It was generally considered that it was a dead world — a piece of slag — hurtling through space at the incredible velocity of eighteen thousand miles a second! Just one-tenth the speed of light. At that speed it would be upon them in less than five years!

Its diameter was ascertained to be about two thousand miles, or one-fourth the diameter of the planet Earth. It was nothing but a tiny speck as stellar sizes go. Small as it was, at that rate of speed, it was large enough to wreck the civilization of the solar system. The question that naturally came to the inhabitants of those twelve civilized worlds was: was it only a burnt-out cinder thrown off by some mighty sun with such unerring aim and such great force that it should flash through the heavens straight for the solar system? Or was it inhabited by sentient beings?

A reassuring official report was sent out. It said that there was absolutely no cause for alarm; that when the approaching body reached the spot in the heavens where the sun and his attending planets now were, the entire solar system would have moved on many hundred million miles away on its own course. At the rate of speed with which the approaching body was traveling, the attraction of our sun could not swerve it from its course; no, not even if our sun were ten thousand times his own size.

The astronomers welcomed its coming. Its speed was an unexplainable phenomenon of the heavens. “Nothing but a head-on collision with some larger body could stop it,” they declared.

All its surface peculiarities were known by even the youngest inhabitant of the Twelve Confederate Worlds. It was as smooth as a billiard ball — proof of its great age. A snowlike substance covered its surface, probably to a depth of five hundred feet. But the knowledge conceiving it extended no deeper than its surface.

If their instruments could have seen beneath the snowlike covering, seen what was going on there, the Confederate Worlds would have begun feverish preparations for one of the most desperate struggles that had ever been fought.

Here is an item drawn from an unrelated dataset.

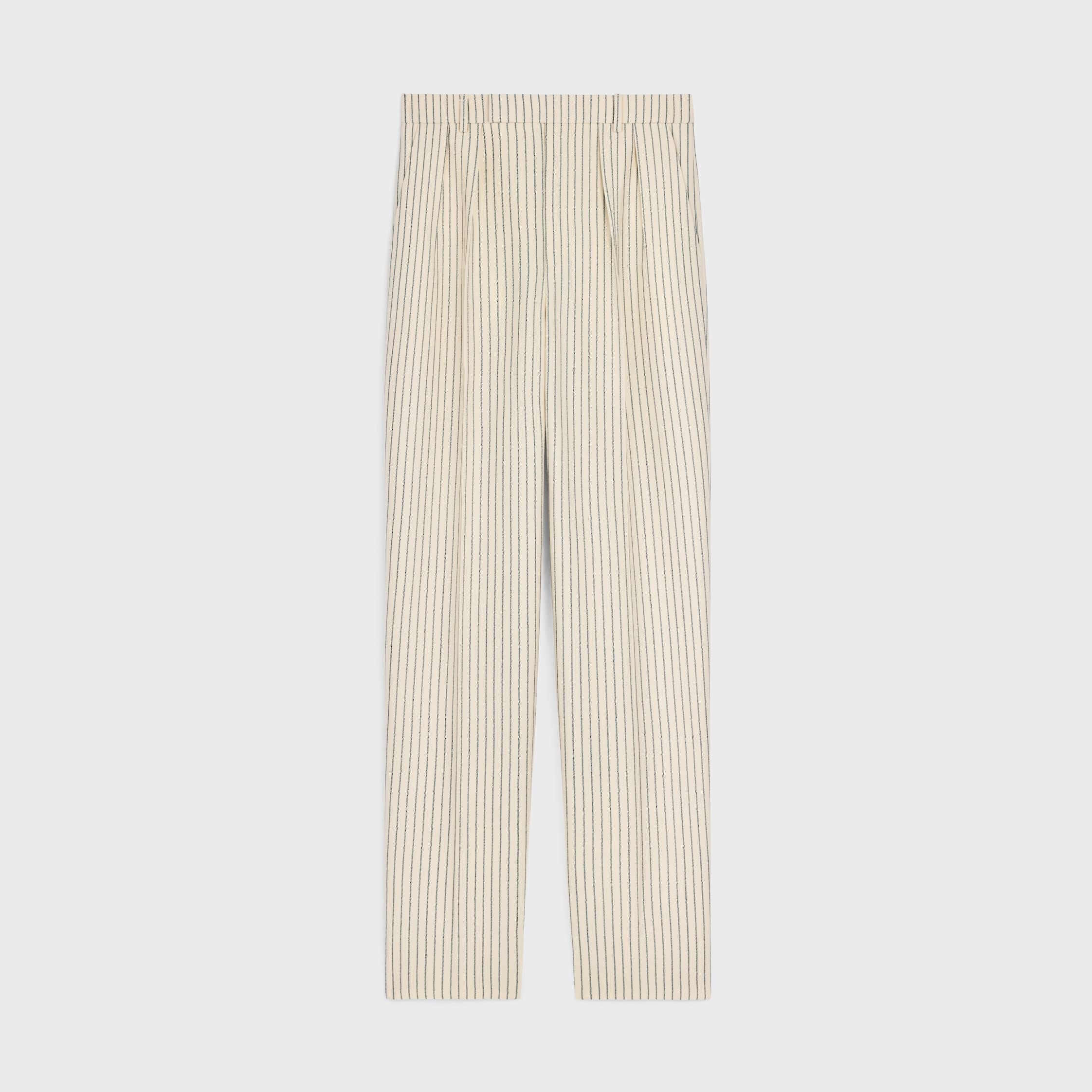 KEITH PANTS WITH 2 PLEATS IN STRIPED WOOL GABARDINE DETAILS 100% WOOL LINING 52% VISCOSE 48% CUPRO CLASSIC FIT HIGH-WAISTED STRAIGHT LEG 2 SIDE POCKETS 2 WELT POCKETS WITH HORN BUTTON ON THE BACK ZIP AND HOOK-AND-EYE CLOSURE MADE IN ITALY REFERENCE:RP0310A50.01VU

They thought of tracing it back. At that speed (so they reasoned) nothing could have turned it from its course, and so it must have come almost as straight as a ray of light. But they were wrong, very wrong, for its flight was not governed solely by the mechanical laws that govern matter. The Confederate Worlds made no allowance for such a thing as a directing will. If they had known of its curious zigzag course, could they have accounted for it? They knew no laws to explain why it should swerve sharply aside when it came into the neighborhood of some of the mighty suns that had dotted its course as it flashed on its way toward the solar system, and then, after passing them, resume its former course. Instead of repulsing, those mighty suns irresistibly attract any wandering bodies that chance to come within the field of their influence.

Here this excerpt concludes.